Brabson JH, Clifford D, Kerwin E, et al. Am J Med. 2002;113:15–21
Purpose of the Study.
The study was designed to compare the efficacy and safety of fluticasone propionate and zafirlukast in patients with relatively stable persistent asthma who were previously treated with inhaled corticosteroids and short-acting β2-agonists.

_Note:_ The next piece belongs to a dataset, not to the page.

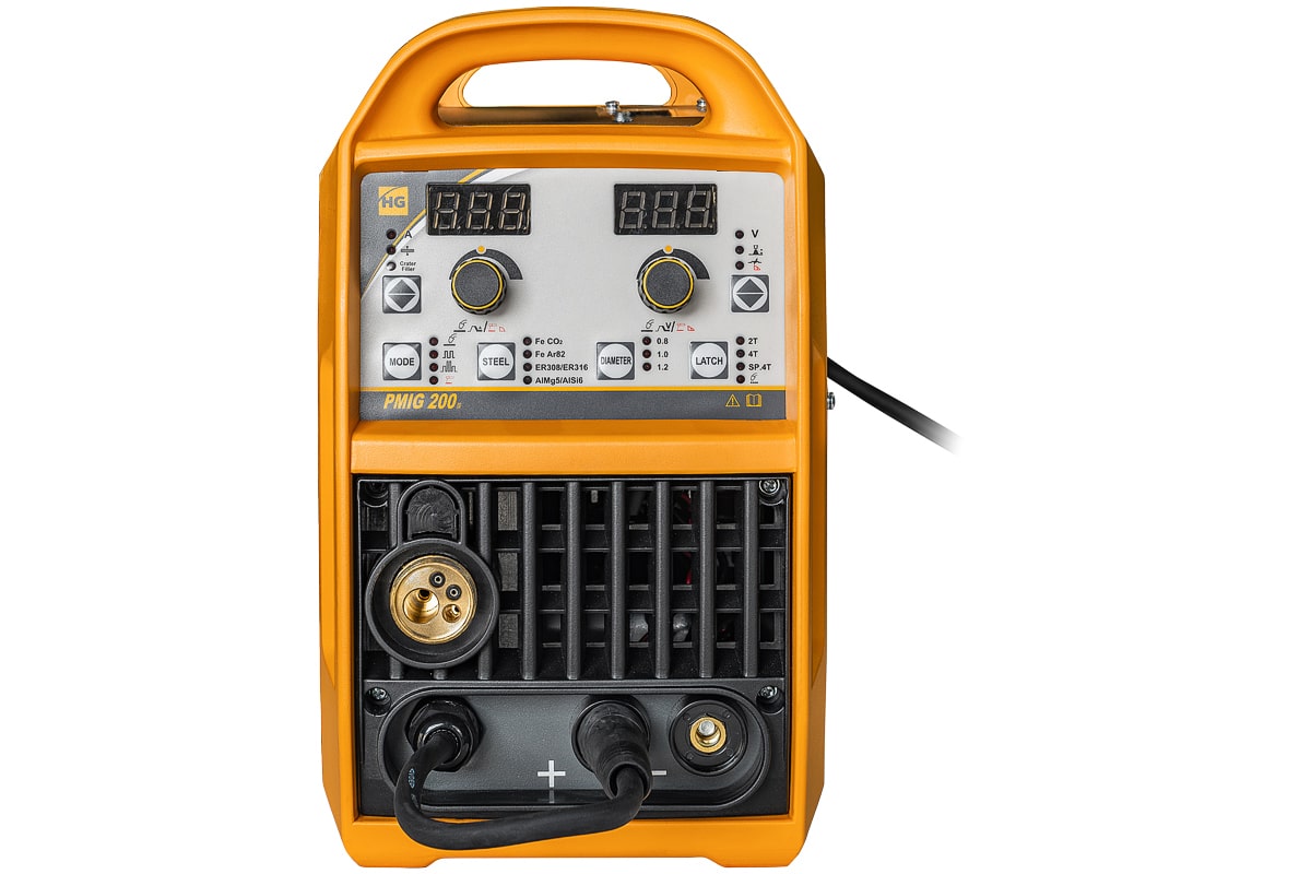 Сварочный полуавтомат HUGONG PMIG 200 III производство HUGONG, для поставок в Россию HUG WELDING. Синергетический инверторный сварочный полуавтомат, с уникальными функциями и возможностями! Компактный, легкий, удобный для переноски а так же при транспортировке, хранении. Корпус из листовой стали, надежно защищает внутренние элементы от повреждения. Одинарный и двойной пульс, для сварки черных и цветных металлов, идеальные сварочные швы. Аппарат имеет защиту от перегрузки, индикатор перегрева и неисправности, обеспечивая высокий уровень безопасности и надежность устройства. Так же данный аппарат имеет защиту от скачков напряжения. Высокое напряжение холостого хода обеспечивает легкость поджига сварочной дуги. Высокая стабильность сварки в реальном времени, простое интуитивно понятное управление сварочными параметрами. Подходит для сварки нелегированных, низколегированных и высоколегированных материалов.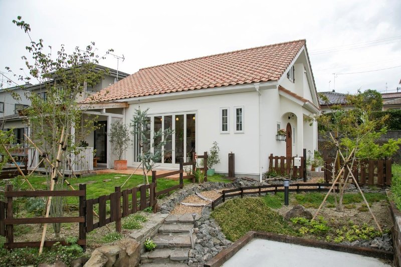 オレンジの洋瓦の屋根と真っ白な塗り壁が特徴の外観。カントリーのような木柵に囲まれていて、孫の「ひつじを飼っているみたい」の一言から「ひつじの家」とネーミング。

Patient Population and Methods.
A total of 440 patients (≥12 years of age) previously treated with inhaled corticosteroids (beclomethasone dipropionate or triamcinolone acetonide) and short-acting β2-agonists were included in this randomized, double-blind study. After an 8-day run-in period, patients were treated with fluticasone (88 μg) or zafirlukast (20 mg) twice daily for 6 weeks. Outcome measures included pulmonary function (forced expiratory volume in 1 second [FEV1], peak expiratory flow [PEF]), albuterol use, asthma symptoms, withdrawals attributable to lack of efficacy, and asthma exacerbations.
Results.
Patients treated with fluticasone (n = 224) experienced greater mean increases in FEV1 (0.24 L vs 0.08 L; P < .001), morning PEF (30 L/min vs 6 L/min; P < .001), and evening PEF (23 L/min vs 5 L/min; P < .001) during the study than did those treated with zafirlukast (n = 216). Fluticasone-treated patients had significantly greater increases in the mean percentages of symptom-free days (22% vs 8%; P < .001), rescue-free days (23% vs 10%; P = .002), nights with uninterrupted sleep (<1% vs −5%; P = .006), and fewer asthma exacerbations (1% vs 6%; P = .005). Fewer fluticasone-treated patients were withdrawn because of a lack of efficacy (2% vs 13%; P < .001).
Conclusions.
Inhaled fluticasone was more effective than zafirlukast in maintaining or improving asthma control in patients with relatively stable asthma who were switched from low-dose inhaled corticosteroids.
Reviewer’s Comments.
So the debate rages on. What’s different here is that the dose of fluticasone used was very low; only slightly greater than waving the inhaler over the patient’s head. On the other hand, we all see patients whose symptoms are extremely well-controlled with leukotriene receptor antagonists.